▶ **What to work on**:
Would you retype the listing below word for word, without any of its pictures?

▶ **Provided records**:
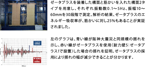 木造在来工法における制震でこれまで課題とされていた、高い制震性能、低コスト、シンプルな構造、簡易な設置、効率的な配置、メンテナンスフリー、そのすべてを実現した、画期的な制震システムです。 ※イトーピアゼータプラスはオプションとなります。
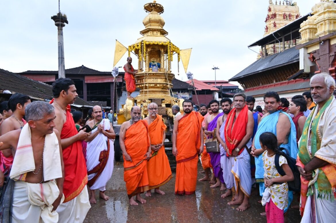 ಉಡುಪಿ : 37 ವರ್ಷಗಳ ಬಳಿಕ ಉಡುಪಿಯಲ್ಲಿ ತಮ್ಮ45 ನೇ ಚಾತುರ್ಮಾಸ್ಯ ವ್ರತವನ್ನು ಅತ್ಯಂತ ಅಭೂತ ಪೂರ್ವವೆಂಬಂತೆ ನಡೆಸಿ ಸಂಪನ್ನಗೊಳಿಸುತ್ತಿರುವ ಹಾಗೂ 70 ನೇ ಜನ್ಮ ವರ್ಧಂತಿಯನ್ನು ಕಾಣುತ್ತಿರುವ ಶ್ರೀ ಭಂಡಾರಕೇರಿ ಮಠಾಧೀಶರಾದ ಶ್ರೀ ವಿದ್ಯೇಶತೀರ್ಥ ಶ್ರೀಪಾದರಿಗೆ ಪರ್ಯಾಯ ಶ್ರೀ ಪುತ್ತಿಗೆ ಮಠ ಶ್ರೀ ಕೃಷ್ಣಮಠದ ವತಿಯಿಂದ ಶ್ರೀ ಸುಗುಣೇಂದ್ರತೀರ್ಥ ಶ್ರೀಪಾದರ ದಿವ್ಯ ನೇತೃತ್ವದಲ್ಲಿ ಅಭಿನಂದನೋತ್ಸವವು ಅತ್ಯಂತ ವೈಭವದಿಂದ ಯಶಸ್ವಿಯಾಗಿ ನೆರವೇರಿತು.
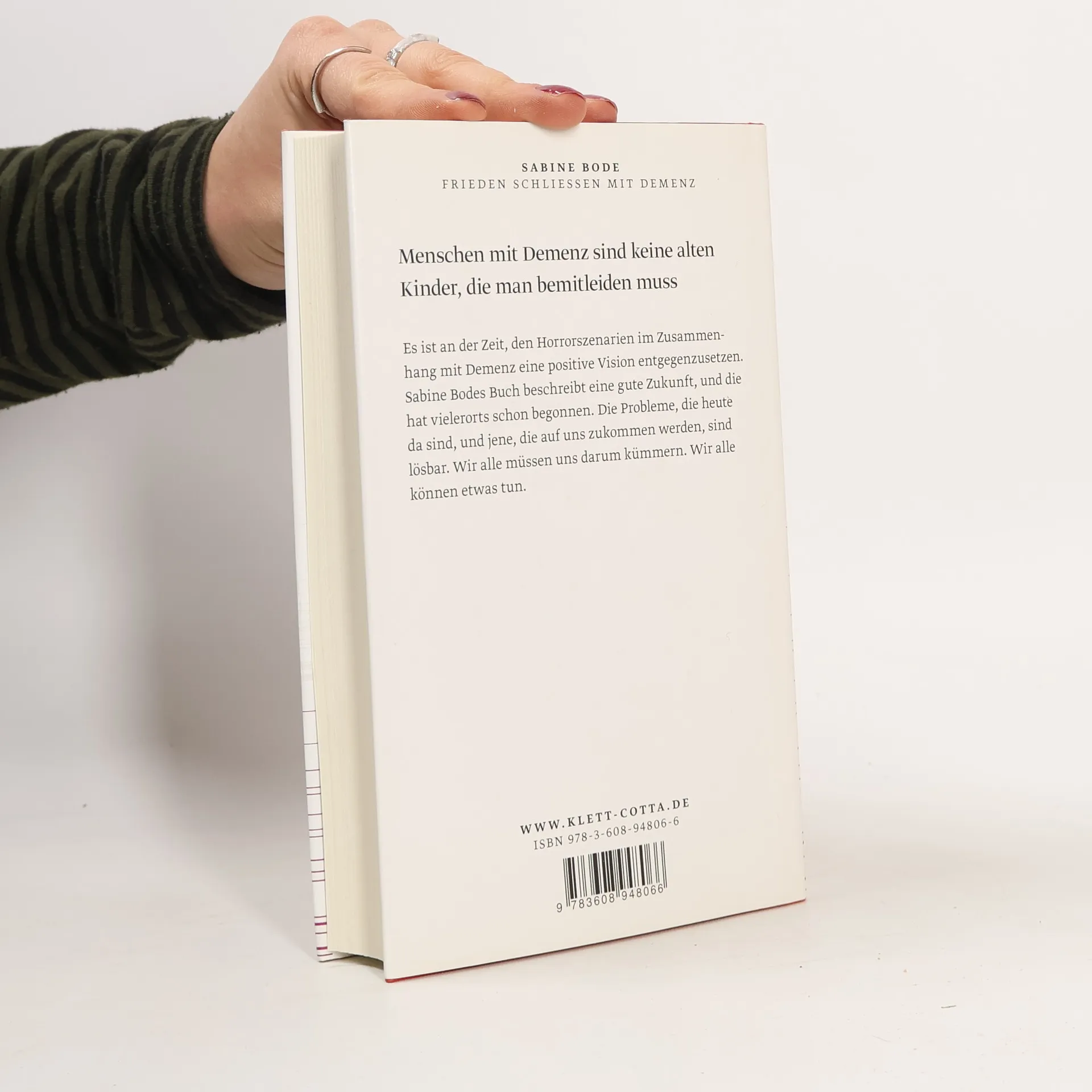Es ist an der Zeit, den Horrorszenarien im Zusammenhang mit Demenz eine positive Vision entgegenzusetzen. Sabine Bodes Buch beschreibt eine gute Zukunft. Denn die Probleme, die heute da sind, und jene, die auf uns zukommen werden, sind lösbar. Welche Optionen bleiben? Weiter weggucken? Darauf warten, dass das rettende Medikament gefunden wird? Oder unser Schicksal in die Hand nehmen, unsere Zukunft gestalten. Sabine Bode besuchte Alten und Pflegeheime, sprach mit Pflegepersonal, Wissenschaftlern und porträtiert Helfer, die unermüdlich Demenzerkrankten helfen, in Würde zu altern. Sie vollführt einen Perspektivwechsel: Sie bringt festgefahrene Ängste zum Einsturz und zeigt unzählige gute Ansätze und Mut machende Erfahrungen. Dieses Buch ist ein Plädoyer für ein Umdenken.
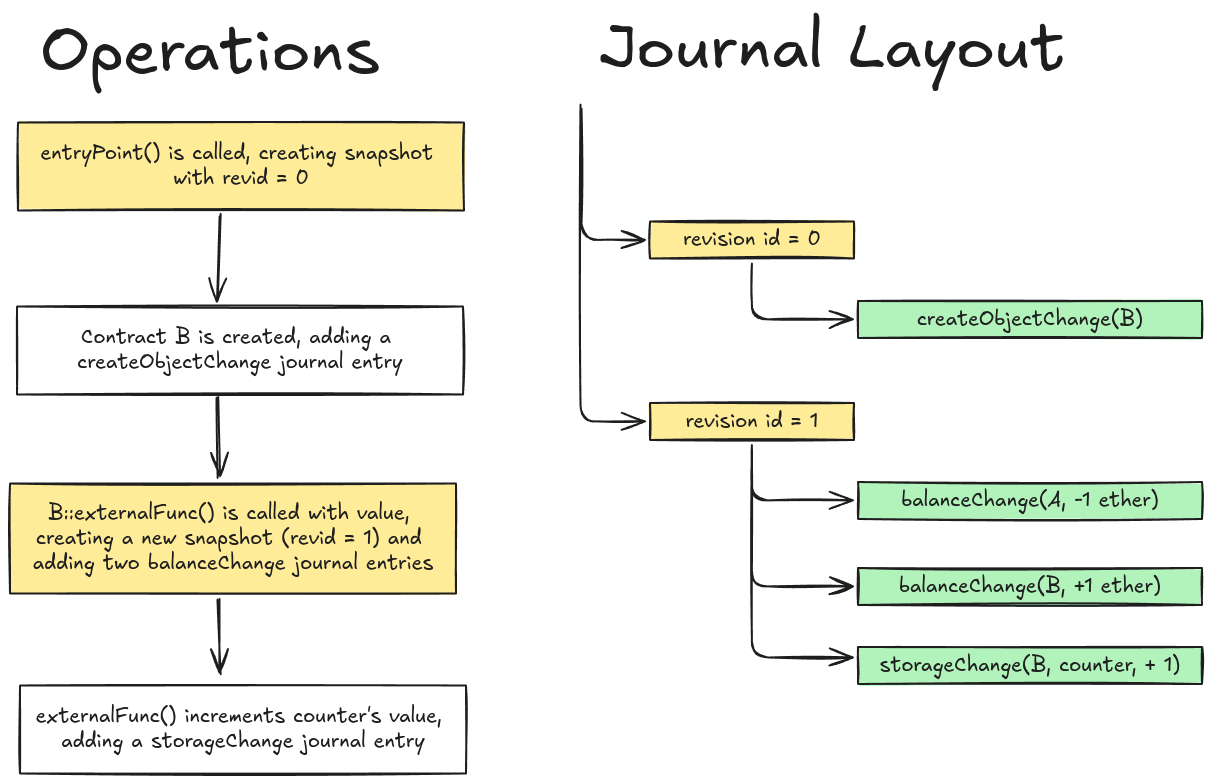 During smart contract execution in an EVM environment, multiple important mechanisms ensure that the state is managed correctly, especially in the event of reverts. The net result should be a new state that can be committed and used by the following transaction. For this post, the following EVM mechanisms are of particular interest:
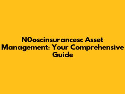 N0oscinsurancesc Asset Management: Your Guide
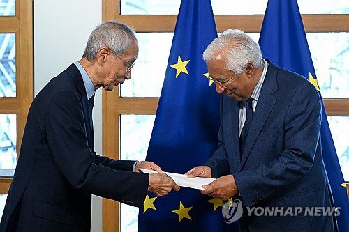 (서울=연합뉴스) 대통령 EU 특사단장인 윤여준 전 환경부 장관이 15일(현지시간) 벨기에 브뤼셀에서 안토니우 코스타 EU 정상회의 상임의장에게 한·EU 관계 강화에 대한 이재명 대통령의 메시지가 담긴 친서를 전달하고 있다. 2025.7.17 [외교부 제공. 재판매 및 DB 금지] photo@yna.co.kr ▶제보는 카카오톡 okjebo ▶연합뉴스 앱 지
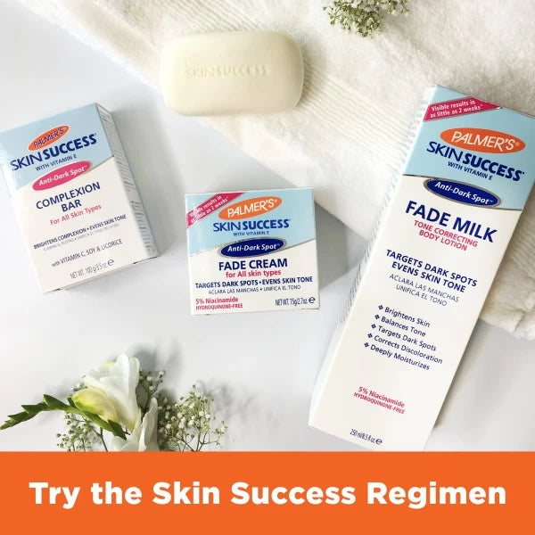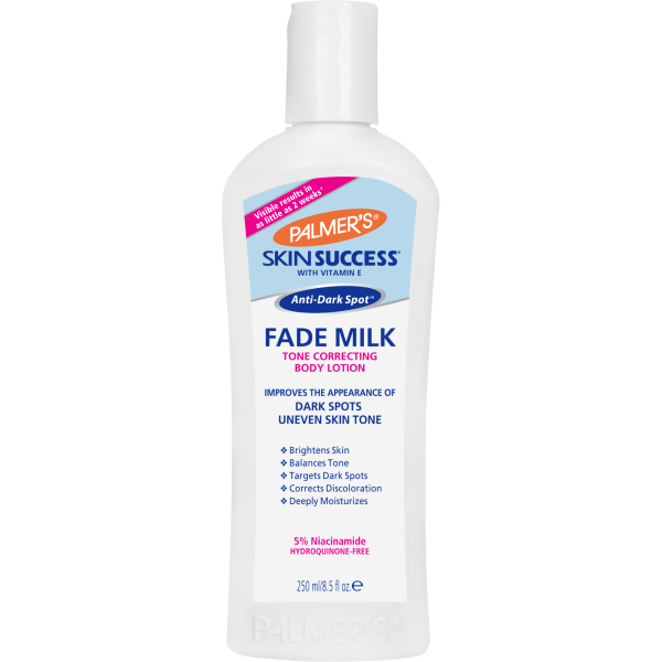 As a product expert, PALMER'S SKIN SUCCESS ANTI-DARK SPOT FADE MILK 8.5OZ is formulated with skin-nourishing ingredients that target dark spots and fade them over time. This results in a more even and radiant complexion. Dermatologist-tested and suitable for all skin types.
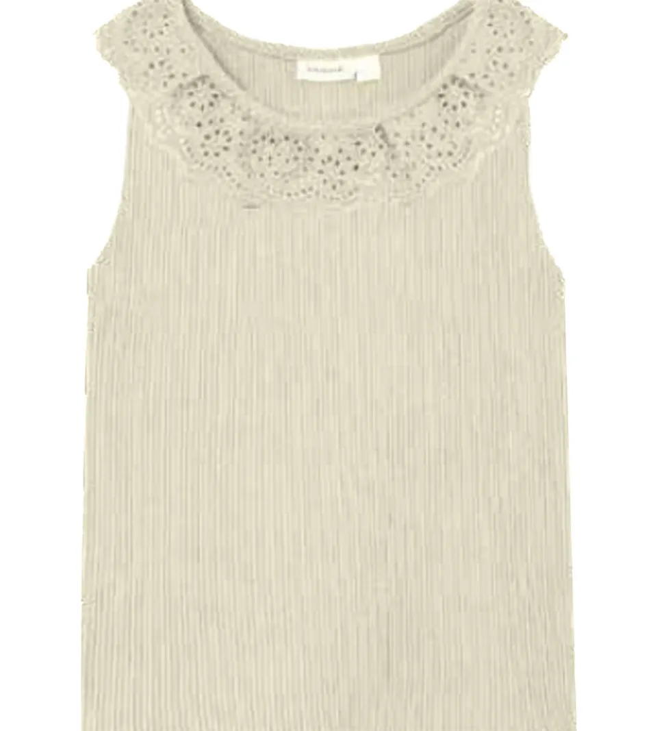 Sød Name It top i cremefarvet rib og med en flot flæsekrave i broderi anglaise.
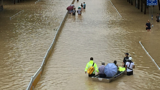 9月28日,今年第17號臺風(fēng)“鲇魚”以臺風(fēng)級登陸福建省泉州市惠安縣沿海,福州遭強(qiáng)降雨侵襲,街道被洪水淹沒。

▶ **Solution to the exercise**:
 木造在来工法における制震でこれまで課題とされていた、高い制震性能、低コスト、シンプルな構造、簡易な設置、効率的な配置、メンテナンスフリー、そのすべてを実現した、画期的な制震システムです。 ※イトーピアゼータプラスはオプションとなります。
 ಉಡುಪಿ : 37 ವರ್ಷಗಳ ಬಳಿಕ ಉಡುಪಿಯಲ್ಲಿ ತಮ್ಮ45 ನೇ ಚಾತುರ್ಮಾಸ್ಯ ವ್ರತವನ್ನು ಅತ್ಯಂತ ಅಭೂತ ಪೂರ್ವವೆಂಬಂತೆ ನಡೆಸಿ ಸಂಪನ್ನಗೊಳಿಸುತ್ತಿರುವ ಹಾಗೂ 70 ನೇ ಜನ್ಮ ವರ್ಧಂತಿಯನ್ನು ಕಾಣುತ್ತಿರುವ ಶ್ರೀ ಭಂಡಾರಕೇರಿ ಮಠಾಧೀಶರಾದ ಶ್ರೀ ವಿದ್ಯೇಶತೀರ್ಥ ಶ್ರೀಪಾದರಿಗೆ ಪರ್ಯಾಯ ಶ್ರೀ ಪುತ್ತಿಗೆ ಮಠ ಶ್ರೀ ಕೃಷ್ಣಮಠದ ವತಿಯಿಂದ ಶ್ರೀ ಸುಗುಣೇಂದ್ರತೀರ್ಥ ಶ್ರೀಪಾದರ ದಿವ್ಯ ನೇತೃತ್ವದಲ್ಲಿ ಅಭಿನಂದನೋತ್ಸವವು ಅತ್ಯಂತ ವೈಭವದಿಂದ ಯಶಸ್ವಿಯಾಗಿ ನೆರವೇರಿತು.
Es ist an der Zeit, den Horrorszenarien im Zusammenhang mit Demenz eine positive Vision entgegenzusetzen. Sabine Bodes Buch beschreibt eine gute Zukunft. Denn die Probleme, die heute da sind, und jene, die auf uns zukommen werden, sind lösbar. Welche Optionen bleiben? Weiter weggucken? Darauf warten, dass das rettende Medikament gefunden wird? Oder unser Schicksal in die Hand nehmen, unsere Zukunft gestalten. Sabine Bode besuchte Alten und Pflegeheime, sprach mit Pflegepersonal, Wissenschaftlern und porträtiert Helfer, die unermüdlich Demenzerkrankten helfen, in Würde zu altern. Sie vollführt einen Perspektivwechsel: Sie bringt festgefahrene Ängste zum Einsturz und zeigt unzählige gute Ansätze und Mut machende Erfahrungen. Dieses Buch ist ein Plädoyer für ein Umdenken.
 During smart contract execution in an EVM environment, multiple important mechanisms ensure that the state is managed correctly, especially in the event of reverts. The net result should be a new state that can be committed and used by the following transaction. For this post, the following EVM mechanisms are of particular interest:
 N0oscinsurancesc Asset Management: Your Guide
 (서울=연합뉴스) 대통령 EU 특사단장인 윤여준 전 환경부 장관이 15일(현지시간) 벨기에 브뤼셀에서 안토니우 코스타 EU 정상회의 상임의장에게 한·EU 관계 강화에 대한 이재명 대통령의 메시지가 담긴 친서를 전달하고 있다. 2025.7.17 [외교부 제공. 재판매 및 DB 금지] photo@yna.co.kr ▶제보는 카카오톡 okjebo ▶연합뉴스 앱 지
 As a product expert, PALMER'S SKIN SUCCESS ANTI-DARK SPOT FADE MILK 8.5OZ is formulated with skin-nourishing ingredients that target dark spots and fade them over time. This results in a more even and radiant complexion. Dermatologist-tested and suitable for all skin types.
 Sød Name It top i cremefarvet rib og med en flot flæsekrave i broderi anglaise.
 9月28日,今年第17號臺風(fēng)“鲇魚”以臺風(fēng)級登陸福建省泉州市惠安縣沿海,福州遭強(qiáng)降雨侵襲,街道被洪水淹沒。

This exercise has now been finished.